仅由热诱导大豆分离蛋白聚集体（HSPI）稳定的高内相皮克林乳液（HIPPE）稳定性有限，3D 打印性能较差。虽然有关在中性 pH 条件下由 HSPI 和聚酰亚胺稳定的 HIPPE 的研究很少，但本研究结合 HSPI 和ĸ-卡拉胶（CG）来制造 HIPPE。研究发现，CG 的加入大大减小了液滴的尺寸，提高了 HIPPE 的储存稳定性。此外，在一个冻融循环后，CG 的存在提高了 HIPPE 的冻融稳定性。此外，添加 CG 还大大改善了三维打印 HIPPE 的结构完整性，提高了打印精度。这是因为 CG 的存在降低了界面张力，提高了 HSPI-CG 的 zeta 电位和粘度，从而更有效地促进了颗粒对油水界面的吸附。此外，CG 的存在还大大增强了所生成的 HIPPE 的粘弹性。这些结果可进一步归因于 HSPI 和 CG 在中性 pH 条件下的强氢键和疏水相互作用，这一点可从傅里叶变换红外光谱和等温滴定量热仪的结果中得到证实。因此，CG 的加入使 HIPPE 在较低的固体颗粒浓度下具有更优异的性能。
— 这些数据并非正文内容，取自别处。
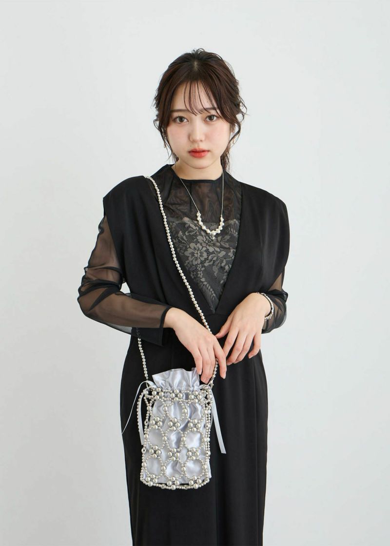 商品説明 《結婚式・お呼ばれ対応・ハンドバッグ》 パールで編み曲げた華やかなバッグ アクセサリー感覚で持てる、印象的なアイテムです。 サテンの巾着が付いているので、荷物が透けて見えることなくをすっきりと収納できます。 ロングのショルダーチェーンは取り外し可能なので、コーデに合わせて持ち方を変えられます。 結婚式などの華やかなパーティーシーンにはもちろんの事、カジュアルなスタイルにアクセントとして合わせて頂くのもおすすめな1点です。 オケージョンシーンを華やかに彩るアイテムです。 ※商品画像は、光の当たり具合やパソコンなどの閲覧環境により、実際の色味と異なって見える場合がございます。予めご了承ください。 おすすめのシーン 結婚式・披露宴・披露宴・成人式・同窓会 女子会・謝恩会パーティー・演奏会・発表会など多様なシーンのコーディネートに使えます。 商品詳細 【素材】 表地 ポリエステル100% 裏地 ポリエステル100% 原産国:中国 お問い合わせ品番:24993 【備考】 ・付属品:パールチェーン付 ・チェーン取り外し可能
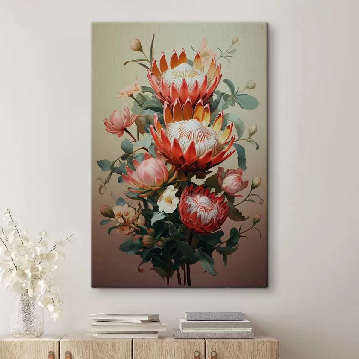 Obraz Kompozycja z dużymi proteami w nowoczesnym stylu cyfrowej ilustracji malarskiej Nr s46947

本文章由计算机程序翻译，如有差异，请以英文原文为准。

Effect of carrageenan on stability and 3D printing performance of high internal phase pickering emulsion stabilized by soy protein isolate aggregates under neutral condition

查看原文本刊更多论文

Effect of carrageenan on stability and 3D printing performance of high internal phase pickering emulsion stabilized by soy protein isolate aggregates under neutral condition

High internal phase Pickering emulsion (HIPPE) stabilized by heat induced soy protein isolate aggregates (HSPI) alone had limited stability and poor 3D printing performance. While there is few research about HIPPE stabilized by HSPI and polysaccrides at neutral pH condition, where HSPI and ĸ-carrageenan (CG) were combined to fabricate HIPPE in this research. It was found that the incorporation of CG significantly decreased the droplet size and improved the storage stability of the resulting HIPPE. Moreover, the presence of CG improved the freeze-thaw stability of HIPPE after one freeze-thaw cycle. In addition, the addition of CG significantly improved the structural integrity of the 3D printed HIPPE and enhanced the printing precision. This was because the presence of CG decreased the interfacial tension, increased the zeta potential and viscosity of HSPI-CG, thus promoting the adsorption of particles to the oil-water interface more effectively. Moreover, the presence of CG significantly enhanced the viscoelasticity of the resulting HIPPE. These results can be further attributed to the strong hydrogen bonding and hydrophobic interaction between HSPI and CG at neutral pH condition, which can be confirmed from results of Fourier-transform infrared spectroscopy and Isothermal titration calorimeter. So the incorporation of CG endowed HIPPE with more excellent properties at a lower solid particle concentration.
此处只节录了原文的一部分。